FFmpeg: The ultimate Video and Audio Manipulation Tool

February 24, 2012 by . 15 comments

What is FFmpeg?

Chances are you’ve probably heard of FFmpeg already. It’s a set of tools dedicated to decoding, encoding and transcoding video and audio. FFmpeg is based on the popular libavcodec and libavformat libraries that can be found in many other video conversion applications, like Handbrake.

So why would you need FFmpeg? Got a video in an obscure format that every other player couldn’t recognize? Transcode it with FFmpeg. Want to automate cutting video segments out of movies? Write a short batch script that uses FFmpeg. Where I work, I constantly have to encode and process video material, and I’d never want to go back to using a GUI tool for doing this.

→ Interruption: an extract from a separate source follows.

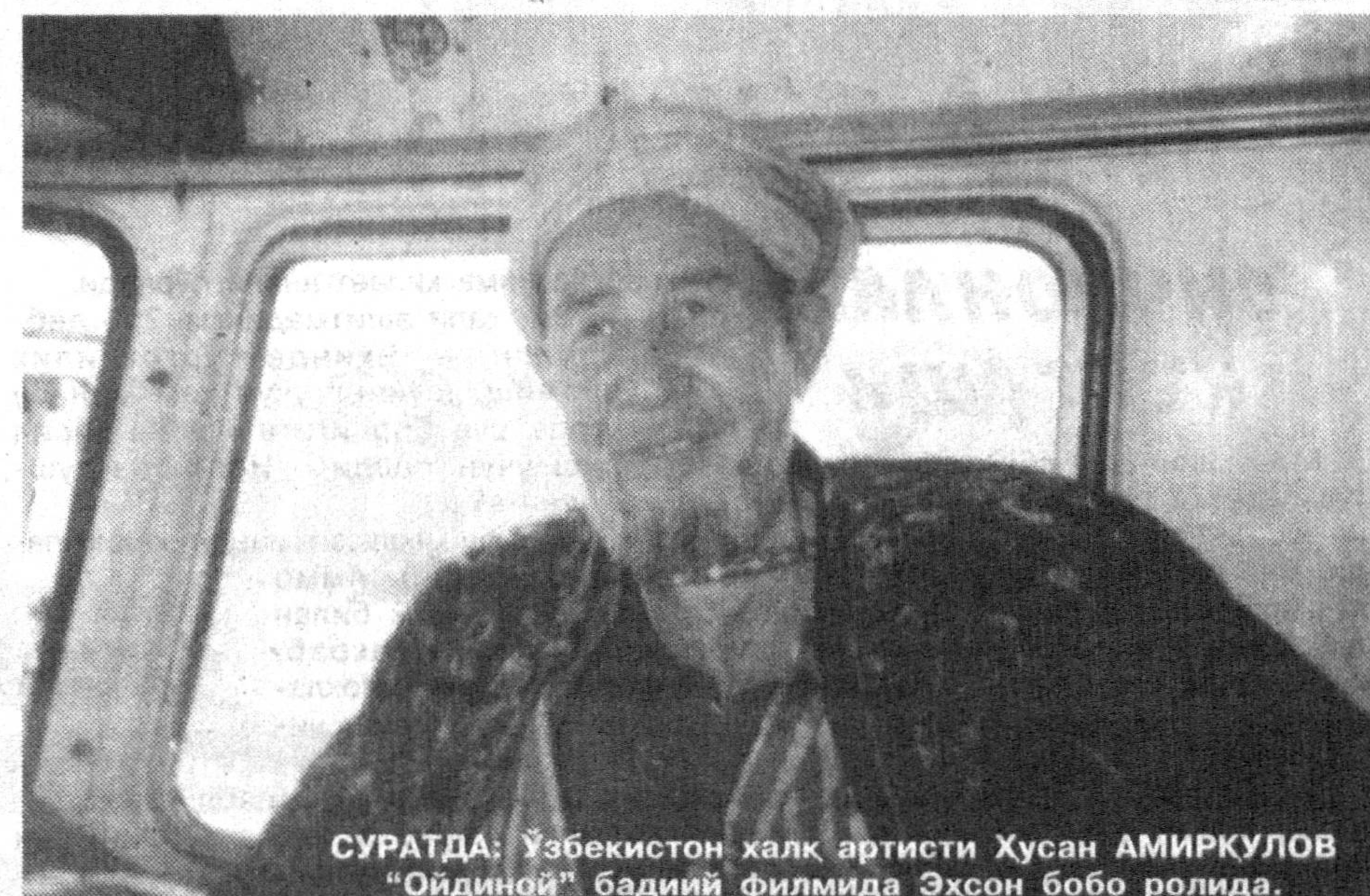
СУРАТДА: Ўзбекистон халқ артисти Хусан АМИРКУЛОВ "Ойдиной" бадий филмида Эҳсон бобо ролнида.

— Бугунги медиа таълим оммавий алоқа воситалари ёрдамида ўзининг киришувчанлик ва ижодий қобилияти, танқидий фикрини ривожлантира оладиган шахснинг тараққиёт жараёни сифатида қаралиши керак... Телевидение, ра-

This post is a follow-up on Video Conversion done right: Codecs and Software, where I discussed the various codecs and containers that you can find these days. For a quick overview, I’d suggest to read this one as well, because it covers some important basics.

Now, let’s dive into the more practical aspects.

Installation

FFmpeg is free and open source, and it’s cross-platform. You’ll be able to install it on your Windows PC as well as your Linux server. The only thing you need to be comfortable with is using your command line. As it’s actively developed, you should try to update your version from time to time. Sometimes, new features are added, and bugs are fixed. You won’t believe how many times updating FFmpeg solved encoding problems I had.

Windows

Compiling FFmpeg on Windows is not too easy. That’s why there are (semi-) automated builds of the latest version available online, most prominently the ones from Zeranoe.com. Download the latest build labeled as “static” for your 32 or 64 Bit system. Those builds work fairly well, but they might not include all possible codecs. For the commands where I used libfaac below, with the Zeranoe builds you have to choose another AAC codec instead, like libvo_aacenc, or aac, with the additional options -strict experimental.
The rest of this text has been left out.